These threats were not likely
to be immediately implemented, given the two countries’
interdependence, and, as Brazilian Trade and Development
Minister Miguel said; “Brazil is not interested in a trade
war. Nobody is. We’re ready to negotiate.” Nevertheless
the CAMEX public statement triggered off a certain degree of
fear and agitation in Washington. The news came out only a
month and a half after President Obama’s 2010 State of the
Union address during which he announced his intention to
launch a “National Export Initiative” and called this
project into question. Obama’s objectives were to double
U.S. exports in the next five years in order to save 2
million jobs. The Obama administration intended to do so by
relying on a weak dollar and by creating a series of new
free trade agreements (such as the ones being negotiated
with Panama and Colombia).
U.S. Trade Representative Ron Kirk asserted Washington’s willingness to comply with applicable WTO regulation if no agreement could be found. However, at a time when the U.S. unemployment rate is brushing 10%, Congress is sure to be reluctant to do anything favoring imports that could further worsen the U.S. job market. Furthermore, the upcoming midterm elections would have made it difficult for U.S. congressmen to reduce cotton subsidies, especially in countering the penetrating voice of the National Cotton Council of America.
The CAMEX announcement also came in the aftermath of the crisis, at a time when protectionism seems to have come back to life. After a trade contraction of 12% in 2009, these threats raised the fear of a trade war between the major agricultural economies, especially since several analysts foresaw a possible move by China to back Brazil. After the failure of the WTO Doha Development Round, because of the seemingly insoluble disagreement between China, India, and the U.S. on agricultural trade regulation, Brazil wisely and indirectly questioned the quality of U.S. leadership of international trade.
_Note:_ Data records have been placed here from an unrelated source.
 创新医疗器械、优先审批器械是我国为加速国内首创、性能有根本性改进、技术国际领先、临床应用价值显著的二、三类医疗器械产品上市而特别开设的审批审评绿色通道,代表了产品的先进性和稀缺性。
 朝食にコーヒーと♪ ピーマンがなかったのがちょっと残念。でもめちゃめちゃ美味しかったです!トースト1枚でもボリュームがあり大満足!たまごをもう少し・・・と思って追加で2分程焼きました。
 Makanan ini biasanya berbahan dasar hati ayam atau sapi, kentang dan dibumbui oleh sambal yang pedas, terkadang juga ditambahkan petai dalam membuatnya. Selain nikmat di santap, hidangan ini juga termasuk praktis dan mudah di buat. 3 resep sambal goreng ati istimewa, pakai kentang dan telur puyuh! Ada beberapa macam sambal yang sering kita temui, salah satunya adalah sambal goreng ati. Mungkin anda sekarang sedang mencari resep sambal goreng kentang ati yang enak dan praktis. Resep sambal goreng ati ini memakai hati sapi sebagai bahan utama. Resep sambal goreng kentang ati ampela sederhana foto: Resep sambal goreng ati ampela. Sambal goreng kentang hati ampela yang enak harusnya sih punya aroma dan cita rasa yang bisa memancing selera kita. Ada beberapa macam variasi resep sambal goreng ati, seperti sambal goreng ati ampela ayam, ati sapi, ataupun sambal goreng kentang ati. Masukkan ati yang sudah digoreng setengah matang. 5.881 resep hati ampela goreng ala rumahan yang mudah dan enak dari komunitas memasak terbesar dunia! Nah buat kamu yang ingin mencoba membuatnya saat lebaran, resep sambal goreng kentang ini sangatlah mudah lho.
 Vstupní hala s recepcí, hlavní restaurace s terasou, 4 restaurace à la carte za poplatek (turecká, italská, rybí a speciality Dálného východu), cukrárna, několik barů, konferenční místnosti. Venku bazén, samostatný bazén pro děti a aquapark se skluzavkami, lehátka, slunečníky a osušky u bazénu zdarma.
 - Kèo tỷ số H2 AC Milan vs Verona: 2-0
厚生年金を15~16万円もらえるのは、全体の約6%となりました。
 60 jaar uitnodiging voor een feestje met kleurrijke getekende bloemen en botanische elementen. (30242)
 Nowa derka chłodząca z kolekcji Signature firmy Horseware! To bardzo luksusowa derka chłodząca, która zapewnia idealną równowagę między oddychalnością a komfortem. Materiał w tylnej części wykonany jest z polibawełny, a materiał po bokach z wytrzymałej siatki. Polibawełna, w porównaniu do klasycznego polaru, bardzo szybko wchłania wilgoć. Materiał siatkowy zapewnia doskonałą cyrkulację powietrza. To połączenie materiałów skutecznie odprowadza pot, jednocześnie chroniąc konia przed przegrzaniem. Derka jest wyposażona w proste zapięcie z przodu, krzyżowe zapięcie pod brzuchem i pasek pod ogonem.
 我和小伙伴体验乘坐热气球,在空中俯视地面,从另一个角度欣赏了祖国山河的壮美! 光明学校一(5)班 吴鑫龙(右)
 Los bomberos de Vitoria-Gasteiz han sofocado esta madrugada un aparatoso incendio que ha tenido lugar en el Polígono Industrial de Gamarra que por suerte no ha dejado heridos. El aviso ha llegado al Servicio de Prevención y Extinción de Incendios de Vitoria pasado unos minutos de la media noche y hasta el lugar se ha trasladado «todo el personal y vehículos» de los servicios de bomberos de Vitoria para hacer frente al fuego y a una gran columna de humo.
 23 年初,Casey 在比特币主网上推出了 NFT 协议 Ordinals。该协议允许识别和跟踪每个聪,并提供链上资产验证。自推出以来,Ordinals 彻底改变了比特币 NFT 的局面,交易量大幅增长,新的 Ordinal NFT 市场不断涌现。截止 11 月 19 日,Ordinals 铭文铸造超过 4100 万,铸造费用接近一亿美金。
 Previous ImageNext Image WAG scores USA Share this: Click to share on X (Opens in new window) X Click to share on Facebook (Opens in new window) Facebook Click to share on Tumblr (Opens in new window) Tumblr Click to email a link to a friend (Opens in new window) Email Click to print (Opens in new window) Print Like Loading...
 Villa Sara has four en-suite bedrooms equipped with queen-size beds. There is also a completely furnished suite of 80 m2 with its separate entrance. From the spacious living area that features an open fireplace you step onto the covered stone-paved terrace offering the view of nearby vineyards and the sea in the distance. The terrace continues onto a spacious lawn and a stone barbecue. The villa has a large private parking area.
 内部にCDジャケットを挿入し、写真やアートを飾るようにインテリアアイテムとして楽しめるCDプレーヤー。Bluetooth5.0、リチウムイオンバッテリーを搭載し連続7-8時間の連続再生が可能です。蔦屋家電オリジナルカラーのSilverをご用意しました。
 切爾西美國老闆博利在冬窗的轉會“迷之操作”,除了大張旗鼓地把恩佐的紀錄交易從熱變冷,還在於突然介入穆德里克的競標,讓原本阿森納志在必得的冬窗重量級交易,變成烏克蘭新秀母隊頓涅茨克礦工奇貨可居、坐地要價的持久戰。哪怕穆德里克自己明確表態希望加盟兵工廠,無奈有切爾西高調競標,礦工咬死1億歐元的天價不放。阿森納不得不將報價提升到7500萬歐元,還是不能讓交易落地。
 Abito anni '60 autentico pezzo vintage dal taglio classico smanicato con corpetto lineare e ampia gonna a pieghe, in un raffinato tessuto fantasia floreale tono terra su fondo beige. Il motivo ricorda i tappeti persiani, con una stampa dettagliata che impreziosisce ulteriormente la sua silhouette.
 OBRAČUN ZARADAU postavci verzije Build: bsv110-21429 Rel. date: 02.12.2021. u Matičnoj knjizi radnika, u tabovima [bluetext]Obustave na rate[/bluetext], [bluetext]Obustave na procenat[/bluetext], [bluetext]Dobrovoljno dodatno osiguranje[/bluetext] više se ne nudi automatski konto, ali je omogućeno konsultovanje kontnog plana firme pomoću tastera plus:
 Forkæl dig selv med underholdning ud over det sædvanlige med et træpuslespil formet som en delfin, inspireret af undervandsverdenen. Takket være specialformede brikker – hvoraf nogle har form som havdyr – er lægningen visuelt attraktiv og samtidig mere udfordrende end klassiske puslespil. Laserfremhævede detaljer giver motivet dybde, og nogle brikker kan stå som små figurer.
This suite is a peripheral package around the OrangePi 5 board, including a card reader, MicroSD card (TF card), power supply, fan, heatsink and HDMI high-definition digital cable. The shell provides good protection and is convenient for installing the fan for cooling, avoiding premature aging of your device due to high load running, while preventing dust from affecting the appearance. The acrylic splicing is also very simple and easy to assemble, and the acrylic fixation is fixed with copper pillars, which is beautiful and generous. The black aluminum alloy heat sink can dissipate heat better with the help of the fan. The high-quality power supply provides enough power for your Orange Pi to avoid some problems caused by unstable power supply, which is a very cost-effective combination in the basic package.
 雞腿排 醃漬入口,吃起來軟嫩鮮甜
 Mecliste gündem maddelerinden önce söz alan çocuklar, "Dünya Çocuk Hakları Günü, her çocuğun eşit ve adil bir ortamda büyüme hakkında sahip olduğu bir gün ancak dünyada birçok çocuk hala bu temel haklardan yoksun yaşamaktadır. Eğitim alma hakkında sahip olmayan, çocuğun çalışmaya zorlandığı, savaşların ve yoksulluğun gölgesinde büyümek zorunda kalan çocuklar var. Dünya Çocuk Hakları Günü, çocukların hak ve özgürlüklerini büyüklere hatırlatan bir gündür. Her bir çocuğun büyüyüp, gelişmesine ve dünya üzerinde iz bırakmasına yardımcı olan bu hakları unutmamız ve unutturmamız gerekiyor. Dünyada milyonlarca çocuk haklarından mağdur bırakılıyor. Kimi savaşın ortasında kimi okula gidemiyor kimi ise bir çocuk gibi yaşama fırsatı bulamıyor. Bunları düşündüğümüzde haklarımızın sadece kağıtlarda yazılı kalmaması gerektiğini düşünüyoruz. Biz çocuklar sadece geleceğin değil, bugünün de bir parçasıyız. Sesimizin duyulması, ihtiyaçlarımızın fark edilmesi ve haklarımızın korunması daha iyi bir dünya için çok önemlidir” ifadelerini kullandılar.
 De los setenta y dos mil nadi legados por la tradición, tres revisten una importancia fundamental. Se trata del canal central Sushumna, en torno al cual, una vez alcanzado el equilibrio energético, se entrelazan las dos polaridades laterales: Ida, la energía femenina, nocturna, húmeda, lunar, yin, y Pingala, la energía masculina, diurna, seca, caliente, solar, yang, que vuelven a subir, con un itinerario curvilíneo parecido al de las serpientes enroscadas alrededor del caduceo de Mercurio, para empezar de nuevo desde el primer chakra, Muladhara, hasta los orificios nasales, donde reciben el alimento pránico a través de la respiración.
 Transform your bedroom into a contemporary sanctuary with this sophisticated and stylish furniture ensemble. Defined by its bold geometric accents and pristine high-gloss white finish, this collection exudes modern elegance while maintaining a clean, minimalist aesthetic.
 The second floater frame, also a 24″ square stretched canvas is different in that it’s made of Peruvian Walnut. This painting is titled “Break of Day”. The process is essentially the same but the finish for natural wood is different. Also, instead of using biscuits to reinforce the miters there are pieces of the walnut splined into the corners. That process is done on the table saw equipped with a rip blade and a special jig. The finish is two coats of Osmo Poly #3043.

This dispute shows the unfairness and some of the abiding problems within the trading system. On one hand, the U.S. desires developing countries to be bound up with an overwhelming pro-trade legislation, but, on the other hand, it does not itself comply with this same legislation. President Obama’s trade agenda for the year 2009 clearly stated: “This administration reaffirms America’s commitment to a rules-based trading system […] We shall continue this country’s commitment to the WTO’s system of multilateral trading rules and dispute settlement.” But few actions have backed this otherwise muscular statement. As pointed out by trade analyst Daniella Markheim:
“America’s refusal to comply with adverse WTO rulings erodes US credibility and influence in the debate shaping globalization and undermines the multilateral trading system. America can afford either trade retaliation or the loss of its leadership position in international economic issues and the WTO is already weakened by nations’ inability to conclude Doha round trade negotiations. The US should not only change its cotton program this year, but it should also take a hard look at other needed reforms if its national export initiative is to be part of legitimate trade policy.”
Brazil as
a Leader in the International Economic
Arena
Brazil started to impose itself as a
leader of developing countries and of the Cairns group: an
association of 19 agricultural exporting countries, by
standing out during the London G20 Summit in April 2009,
when President Lula forcefully criticized the American and
European farm subsidies. The recent threats made by the
CAMEX and the cotton dispute in general, are now a further
step for Brazil to be asserting its leadership and its role
as the voice of agricultural exporting and developing
countries during recent international negotiations.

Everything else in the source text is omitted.